About this task: Copying exactly, give the lines in the material below from the one with "For 1928-2023, the" to the one with "A vibrant 3D", ends included, and nothing besides.

Source information:
____________
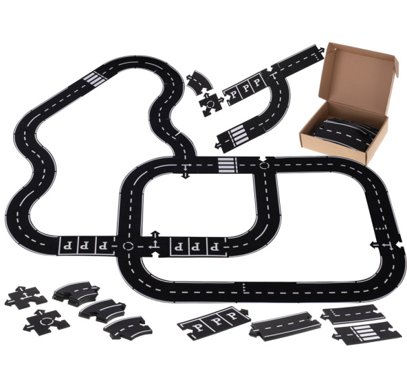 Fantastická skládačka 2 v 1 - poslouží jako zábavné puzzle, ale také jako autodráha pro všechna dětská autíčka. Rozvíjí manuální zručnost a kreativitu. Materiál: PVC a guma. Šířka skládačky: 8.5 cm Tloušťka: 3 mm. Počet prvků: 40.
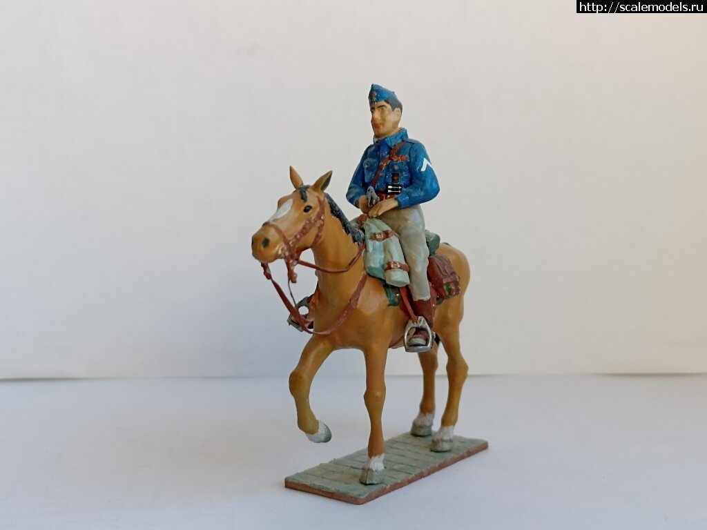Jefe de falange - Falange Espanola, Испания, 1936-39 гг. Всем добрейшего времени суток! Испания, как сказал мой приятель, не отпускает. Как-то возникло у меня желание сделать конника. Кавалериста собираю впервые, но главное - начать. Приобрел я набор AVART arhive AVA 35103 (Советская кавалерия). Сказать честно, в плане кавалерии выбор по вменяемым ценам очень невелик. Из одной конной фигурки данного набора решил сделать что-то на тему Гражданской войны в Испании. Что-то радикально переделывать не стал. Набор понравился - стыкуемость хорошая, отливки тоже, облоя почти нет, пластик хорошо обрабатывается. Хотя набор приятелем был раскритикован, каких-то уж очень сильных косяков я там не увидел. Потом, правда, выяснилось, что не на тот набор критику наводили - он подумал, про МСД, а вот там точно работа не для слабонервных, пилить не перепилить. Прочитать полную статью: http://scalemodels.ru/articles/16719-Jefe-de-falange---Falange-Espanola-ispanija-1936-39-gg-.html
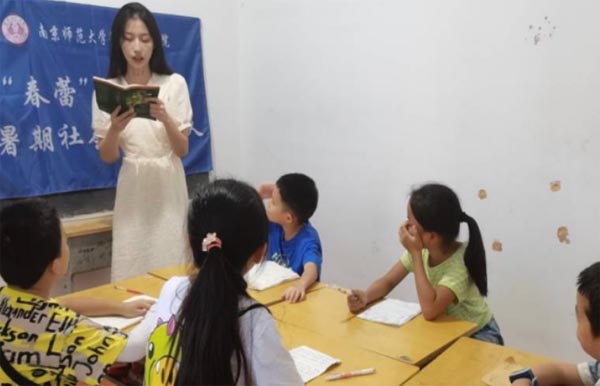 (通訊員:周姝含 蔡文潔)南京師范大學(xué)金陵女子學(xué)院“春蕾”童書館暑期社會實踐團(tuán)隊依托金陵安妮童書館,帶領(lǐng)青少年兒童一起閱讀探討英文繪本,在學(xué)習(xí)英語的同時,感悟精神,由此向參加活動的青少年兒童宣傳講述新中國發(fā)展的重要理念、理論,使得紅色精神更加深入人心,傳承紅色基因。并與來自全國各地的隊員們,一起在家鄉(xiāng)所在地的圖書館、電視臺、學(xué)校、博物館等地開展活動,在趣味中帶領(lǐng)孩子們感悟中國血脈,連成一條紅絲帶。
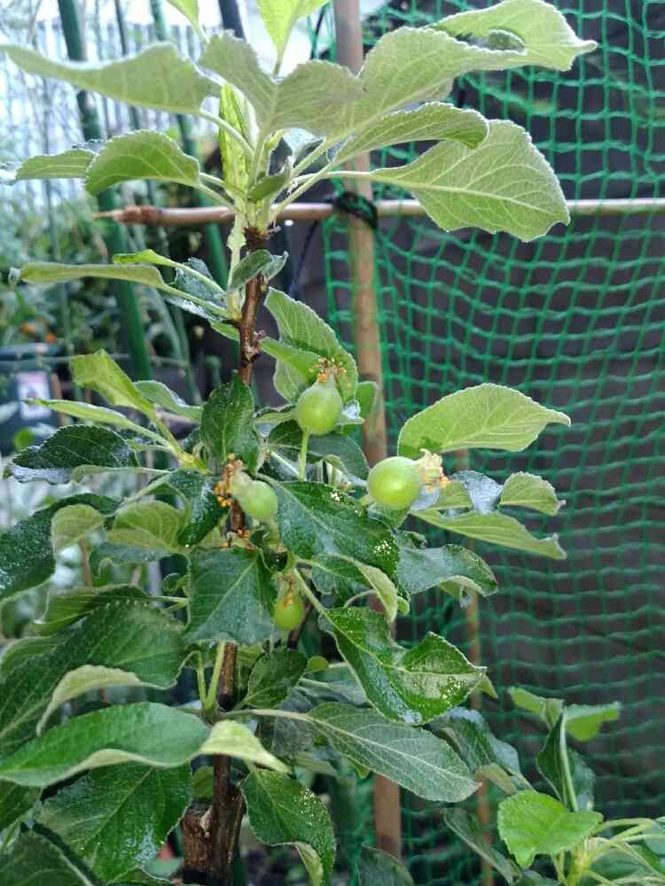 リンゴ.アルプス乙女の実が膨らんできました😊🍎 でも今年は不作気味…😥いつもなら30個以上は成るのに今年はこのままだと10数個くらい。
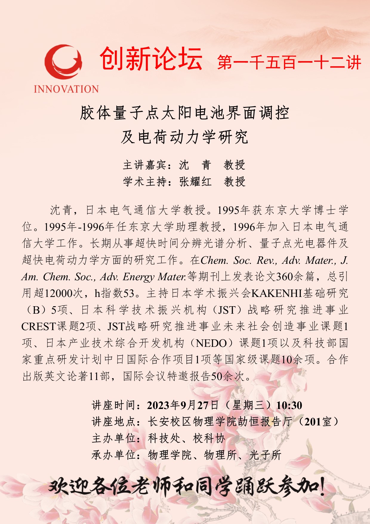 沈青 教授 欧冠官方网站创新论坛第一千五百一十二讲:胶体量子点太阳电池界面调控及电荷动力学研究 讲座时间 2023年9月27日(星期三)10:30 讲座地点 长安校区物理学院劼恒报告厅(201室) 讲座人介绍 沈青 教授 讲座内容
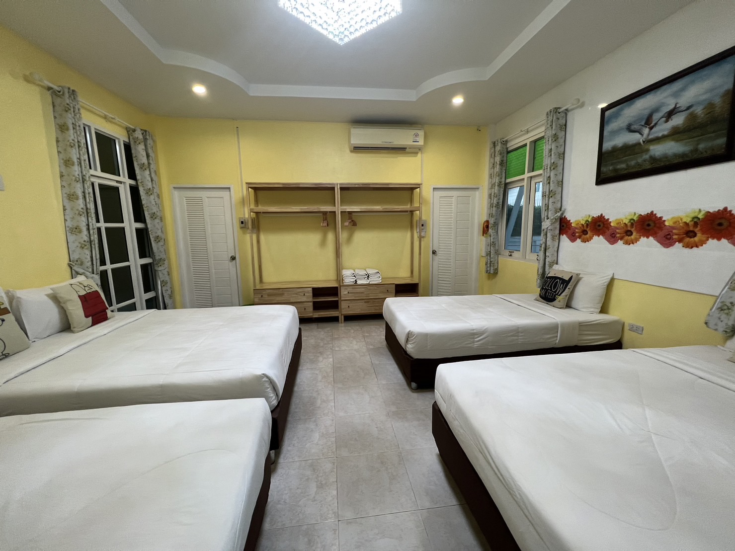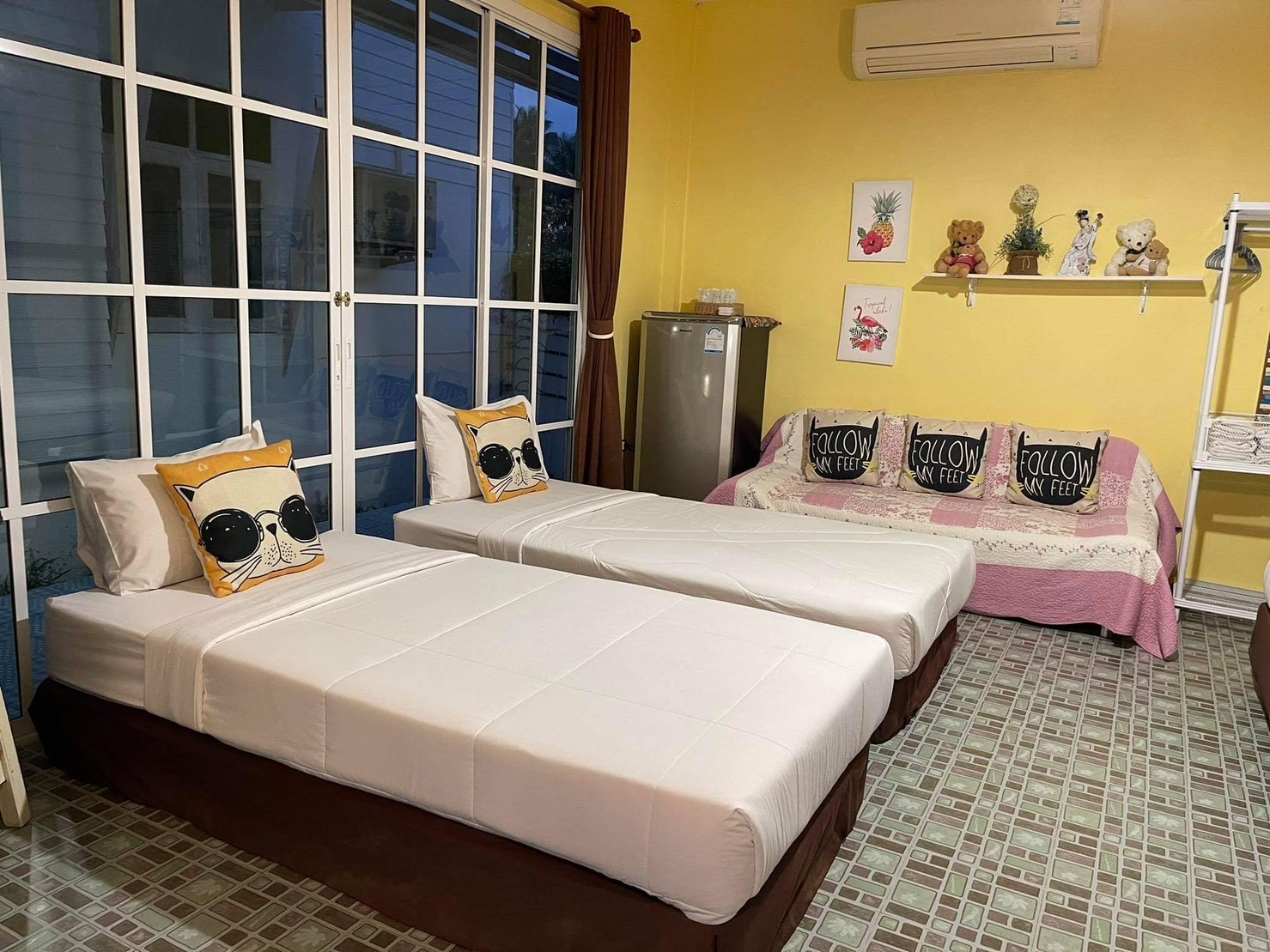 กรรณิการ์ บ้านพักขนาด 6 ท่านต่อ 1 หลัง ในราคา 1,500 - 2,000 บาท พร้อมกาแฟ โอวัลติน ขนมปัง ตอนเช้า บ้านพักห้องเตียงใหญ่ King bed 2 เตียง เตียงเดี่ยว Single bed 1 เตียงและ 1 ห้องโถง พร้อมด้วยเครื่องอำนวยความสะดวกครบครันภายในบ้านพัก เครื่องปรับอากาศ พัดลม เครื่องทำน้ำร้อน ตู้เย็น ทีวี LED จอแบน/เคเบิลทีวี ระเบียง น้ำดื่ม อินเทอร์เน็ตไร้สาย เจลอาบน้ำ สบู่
____________
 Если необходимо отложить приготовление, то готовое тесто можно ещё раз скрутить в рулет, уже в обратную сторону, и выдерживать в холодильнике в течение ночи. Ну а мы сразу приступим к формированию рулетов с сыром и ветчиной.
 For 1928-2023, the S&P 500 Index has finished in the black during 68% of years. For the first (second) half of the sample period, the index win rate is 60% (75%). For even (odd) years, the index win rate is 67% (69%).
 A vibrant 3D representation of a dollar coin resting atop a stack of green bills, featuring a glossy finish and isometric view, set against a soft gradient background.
____________
Written answer:
 For 1928-2023, the S&P 500 Index has finished in the black during 68% of years. For the first (second) half of the sample period, the index win rate is 60% (75%). For even (odd) years, the index win rate is 67% (69%).
 A vibrant 3D representation of a dollar coin resting atop a stack of green bills, featuring a glossy finish and isometric view, set against a soft gradient background.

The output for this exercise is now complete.